И еще нам очень повезет, если мы не потеряем лошадь-другую. Я выбрал маршрут через горы, потому что он был кратчайшим путем домой, но в этой части Нортумбрии склоны покатые, потоки быстрые, а дороги ненадежные. Я рассчитывал, что Эгил уже на пути на север к Кайр-Лигвалиду, а войска Этельстана гонятся за ним. По мере подъема я постоянно оглядывался, проверяя, не идет ли кто за нами, но никого не увидел. Впрочем, и без того низкие облака опустились еще ниже и вскоре скрыли дорогу позади. Нас поливал моросящий дождик, день выдался пасмурный и холодный, и я обзывал себя дураком. Ну неужели Этельстан способен причинить мне вред? Ему известно, что значит для меня Беббанбург, он знает меня так же хорошо, как сын знает отца. Я взрастил Этельстана, оберегал его, любил и в итоге направил на стезю королевской власти.

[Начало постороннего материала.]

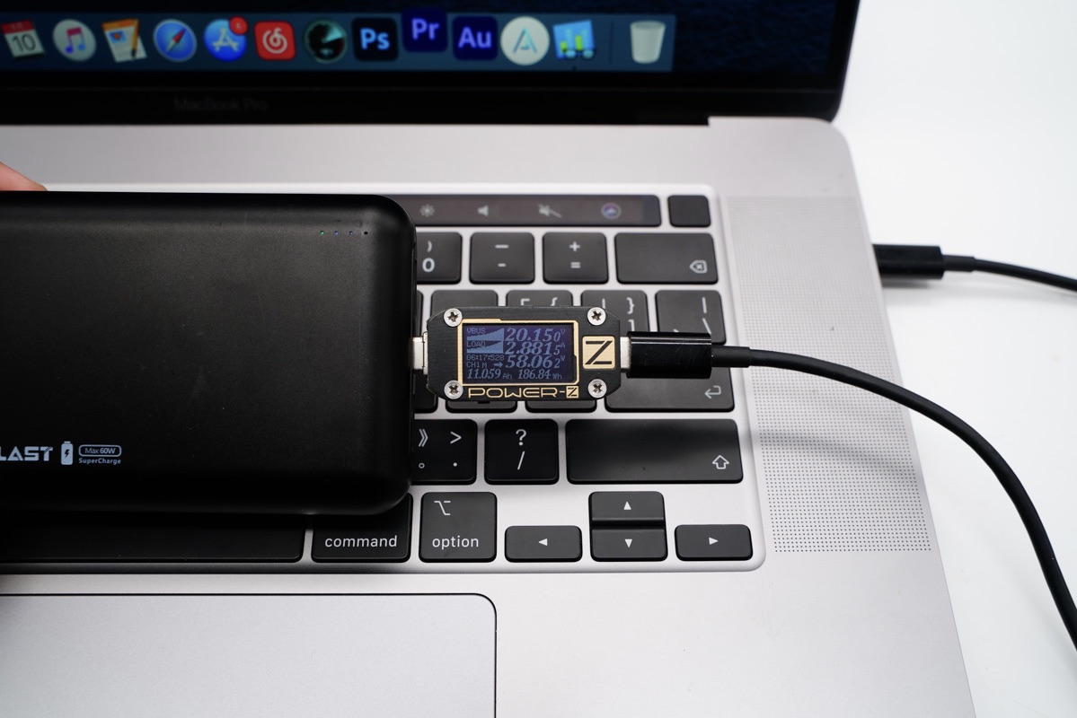 為 MacBook Pro 16 可以提供 58W+ 的快充功率,此時已經達到了充電寶的最大輸出功率。
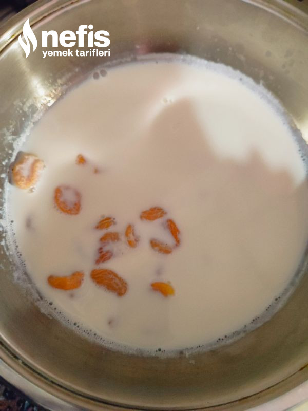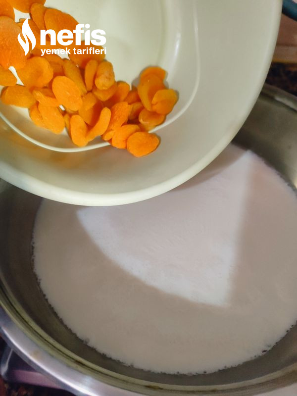 - İlk evvel sütü kaynatıp içine yıkanmış kayısıları atalım.

Но что такое король? Мои предки были королями Берниции, давно исчезнувшего государства, некогда простиравшегося от реки Фойрт в нынешней Альбе до реки Теса. Почему они были королями? Потому что оказались самыми богатыми, злобными и жестокими воинами во всей Северной Британии. Они обладали властью и укрепили ее, прибрав к рукам соседнее королевство Дейра и назвав новую страну Нортумбрией. Пользовались они этой властью до тех пор, пока не нашелся еще более могущественный король и не сместил их. Так чего требует королевский титул? Грубой силы? Ограничивайся перечень ею, я бы давно уже правил Нортумбрией, но меня никогда не привлекал этот трон. Мне не хотелось нести груз ответственности, обуздывать амбициозных парней, стремящихся бросить мне вызов. А в Нортумбрии это означало еще необходимость усмирять хаос в Камбрии. Я просто желал владеть Беббанбургом, и ничего более.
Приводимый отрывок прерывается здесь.